Data Warehouse is a collection of data that has the properties of object-oriented, time-variant, and integrated in a collection of data as a supporter in the decision-making process. Data Warehouse serves as a data warehouse, later the data in it can be used to be processed at any time needed. The Data Warehouse is used for a more specific scope as in an organization or company. Extract, Transform and Load (ETL) is the process of retrieving and changing the data from the source system and then put it into the data warehouse.

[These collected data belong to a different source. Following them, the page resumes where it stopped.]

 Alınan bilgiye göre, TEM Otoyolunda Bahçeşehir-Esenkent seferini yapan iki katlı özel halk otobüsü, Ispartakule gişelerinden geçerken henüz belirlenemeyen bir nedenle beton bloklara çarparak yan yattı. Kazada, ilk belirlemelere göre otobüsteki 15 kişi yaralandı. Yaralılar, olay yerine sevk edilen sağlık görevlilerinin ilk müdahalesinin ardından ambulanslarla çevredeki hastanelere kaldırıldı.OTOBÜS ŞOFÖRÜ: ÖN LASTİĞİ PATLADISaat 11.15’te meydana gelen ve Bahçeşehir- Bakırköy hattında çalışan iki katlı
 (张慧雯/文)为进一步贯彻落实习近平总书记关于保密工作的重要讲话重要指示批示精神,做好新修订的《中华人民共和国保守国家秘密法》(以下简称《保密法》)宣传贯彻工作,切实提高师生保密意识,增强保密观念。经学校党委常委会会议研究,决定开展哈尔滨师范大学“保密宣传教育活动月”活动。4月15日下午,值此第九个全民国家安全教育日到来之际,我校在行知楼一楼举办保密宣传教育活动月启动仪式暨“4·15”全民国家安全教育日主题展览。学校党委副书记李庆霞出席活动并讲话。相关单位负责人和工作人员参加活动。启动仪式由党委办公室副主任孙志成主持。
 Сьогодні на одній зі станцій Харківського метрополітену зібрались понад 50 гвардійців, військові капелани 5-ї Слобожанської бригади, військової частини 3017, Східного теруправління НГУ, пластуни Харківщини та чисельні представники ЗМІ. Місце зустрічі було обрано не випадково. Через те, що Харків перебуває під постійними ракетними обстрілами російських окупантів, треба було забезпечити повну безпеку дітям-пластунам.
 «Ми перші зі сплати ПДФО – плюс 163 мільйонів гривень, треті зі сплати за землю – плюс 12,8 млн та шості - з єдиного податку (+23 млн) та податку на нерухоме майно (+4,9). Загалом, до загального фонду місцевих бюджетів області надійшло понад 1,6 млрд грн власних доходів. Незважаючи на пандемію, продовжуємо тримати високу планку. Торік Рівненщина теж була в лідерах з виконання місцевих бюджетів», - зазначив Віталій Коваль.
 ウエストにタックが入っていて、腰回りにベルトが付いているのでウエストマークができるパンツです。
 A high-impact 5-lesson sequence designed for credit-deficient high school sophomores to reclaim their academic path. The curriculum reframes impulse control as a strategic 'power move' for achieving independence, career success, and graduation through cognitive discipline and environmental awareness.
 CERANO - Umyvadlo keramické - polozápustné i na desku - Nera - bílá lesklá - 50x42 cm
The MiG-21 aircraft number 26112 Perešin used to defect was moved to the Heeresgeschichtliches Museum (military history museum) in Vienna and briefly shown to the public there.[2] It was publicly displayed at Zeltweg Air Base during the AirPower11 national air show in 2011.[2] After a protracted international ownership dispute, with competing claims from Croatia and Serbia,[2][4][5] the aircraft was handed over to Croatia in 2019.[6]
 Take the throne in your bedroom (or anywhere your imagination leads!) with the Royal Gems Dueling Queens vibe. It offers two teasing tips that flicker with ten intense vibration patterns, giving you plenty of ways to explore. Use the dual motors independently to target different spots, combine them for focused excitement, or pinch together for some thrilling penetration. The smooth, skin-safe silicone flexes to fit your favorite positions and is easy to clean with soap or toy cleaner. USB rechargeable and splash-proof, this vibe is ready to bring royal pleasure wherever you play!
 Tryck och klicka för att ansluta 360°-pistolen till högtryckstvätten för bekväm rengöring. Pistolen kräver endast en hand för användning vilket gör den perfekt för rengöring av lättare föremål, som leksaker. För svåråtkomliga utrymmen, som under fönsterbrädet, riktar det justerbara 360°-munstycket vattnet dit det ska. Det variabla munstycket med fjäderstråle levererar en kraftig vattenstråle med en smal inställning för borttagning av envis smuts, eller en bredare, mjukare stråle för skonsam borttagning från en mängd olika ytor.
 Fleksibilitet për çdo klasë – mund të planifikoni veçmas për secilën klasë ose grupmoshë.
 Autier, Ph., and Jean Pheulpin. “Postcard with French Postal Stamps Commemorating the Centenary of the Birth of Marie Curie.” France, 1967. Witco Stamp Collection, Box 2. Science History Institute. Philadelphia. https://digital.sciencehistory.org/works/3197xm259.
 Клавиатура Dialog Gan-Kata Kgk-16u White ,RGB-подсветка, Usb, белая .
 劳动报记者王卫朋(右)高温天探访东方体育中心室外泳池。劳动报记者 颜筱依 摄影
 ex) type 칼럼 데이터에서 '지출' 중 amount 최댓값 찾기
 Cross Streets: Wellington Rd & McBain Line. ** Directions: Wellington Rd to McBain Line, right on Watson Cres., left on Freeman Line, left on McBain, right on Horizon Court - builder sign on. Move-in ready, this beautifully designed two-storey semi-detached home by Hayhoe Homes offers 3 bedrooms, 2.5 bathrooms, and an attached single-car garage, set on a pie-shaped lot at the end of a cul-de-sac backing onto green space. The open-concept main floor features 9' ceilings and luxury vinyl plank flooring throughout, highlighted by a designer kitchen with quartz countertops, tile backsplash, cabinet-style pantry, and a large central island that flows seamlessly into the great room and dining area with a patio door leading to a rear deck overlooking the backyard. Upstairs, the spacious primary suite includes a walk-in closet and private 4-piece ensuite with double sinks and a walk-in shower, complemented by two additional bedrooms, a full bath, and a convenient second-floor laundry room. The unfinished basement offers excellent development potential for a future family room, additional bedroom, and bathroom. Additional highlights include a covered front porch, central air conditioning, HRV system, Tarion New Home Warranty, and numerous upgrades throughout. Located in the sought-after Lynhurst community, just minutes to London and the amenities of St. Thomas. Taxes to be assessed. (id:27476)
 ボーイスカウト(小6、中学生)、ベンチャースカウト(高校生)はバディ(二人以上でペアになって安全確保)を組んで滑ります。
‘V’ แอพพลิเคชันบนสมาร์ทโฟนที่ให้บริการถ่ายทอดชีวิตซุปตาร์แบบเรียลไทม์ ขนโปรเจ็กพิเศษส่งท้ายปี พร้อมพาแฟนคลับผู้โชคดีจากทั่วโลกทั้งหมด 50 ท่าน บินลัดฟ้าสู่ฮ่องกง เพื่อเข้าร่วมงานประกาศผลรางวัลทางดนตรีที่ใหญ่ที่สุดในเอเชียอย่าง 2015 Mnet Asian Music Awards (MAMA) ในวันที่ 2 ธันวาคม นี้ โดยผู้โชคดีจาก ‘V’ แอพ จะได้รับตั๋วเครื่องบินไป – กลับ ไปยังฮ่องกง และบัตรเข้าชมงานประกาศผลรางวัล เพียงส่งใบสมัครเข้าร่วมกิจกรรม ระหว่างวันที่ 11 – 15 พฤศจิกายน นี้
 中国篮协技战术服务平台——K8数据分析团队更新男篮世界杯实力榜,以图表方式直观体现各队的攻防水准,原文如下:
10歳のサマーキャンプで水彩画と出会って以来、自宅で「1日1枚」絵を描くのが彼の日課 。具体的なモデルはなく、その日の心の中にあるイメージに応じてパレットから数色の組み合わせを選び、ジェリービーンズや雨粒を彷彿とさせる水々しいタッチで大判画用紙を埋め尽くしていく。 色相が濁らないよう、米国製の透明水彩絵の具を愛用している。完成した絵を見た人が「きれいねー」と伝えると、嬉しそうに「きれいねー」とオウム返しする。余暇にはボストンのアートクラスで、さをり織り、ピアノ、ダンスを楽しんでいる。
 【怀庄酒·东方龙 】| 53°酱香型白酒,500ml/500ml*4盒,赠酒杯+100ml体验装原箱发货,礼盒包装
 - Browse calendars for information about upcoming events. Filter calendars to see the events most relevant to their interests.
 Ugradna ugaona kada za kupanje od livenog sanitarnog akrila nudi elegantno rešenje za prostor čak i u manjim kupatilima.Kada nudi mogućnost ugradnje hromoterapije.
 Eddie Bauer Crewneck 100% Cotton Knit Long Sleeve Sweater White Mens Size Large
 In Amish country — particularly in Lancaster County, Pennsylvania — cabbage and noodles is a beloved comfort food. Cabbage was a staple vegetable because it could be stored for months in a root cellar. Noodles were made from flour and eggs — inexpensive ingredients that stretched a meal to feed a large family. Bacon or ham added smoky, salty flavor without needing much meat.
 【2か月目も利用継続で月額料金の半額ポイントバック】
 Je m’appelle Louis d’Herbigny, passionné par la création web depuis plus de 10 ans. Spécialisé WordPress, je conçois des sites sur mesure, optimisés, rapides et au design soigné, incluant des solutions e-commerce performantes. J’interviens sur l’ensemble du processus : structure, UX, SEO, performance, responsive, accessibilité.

Fundamental principles on the extraction of data include:
Types of data transformation:
Another important principle at ETL:
Approaches to implementing ETL:
The following is a category of some method of ETL with the condition who move the data out of the source system:
The following is a category of several methods based on the location of the ETL process:
Some types of data source should be a consideration before doing the extraction, including:
Fundamental principles on the extraction of data include:
- The volume of data that is taken.
- OLTP systems are designed so that the data is small in size. Need to be careful so as not to slow down – the source of the system too much.
- The extraction process is done as quickly as possible.
- The extraction process is done as much as possible be small.
- Expected changes in the source system may be minimal.
Types of data transformation:
- Formatting and standardization.
- Convert to a certain number or date format.
- Translate into other forms.
- Aggregation or summarize the data at the level of taller.
Another important principle at ETL:
- Leakage (leakage) occurs when the process of ETL thought he had complete data download all of the source systems, but in fact, there are some missing records.
- Recoverability (recovery) process that ETL must be robust so that if a failure occurred, it can be immediately restored without loss or damage to data.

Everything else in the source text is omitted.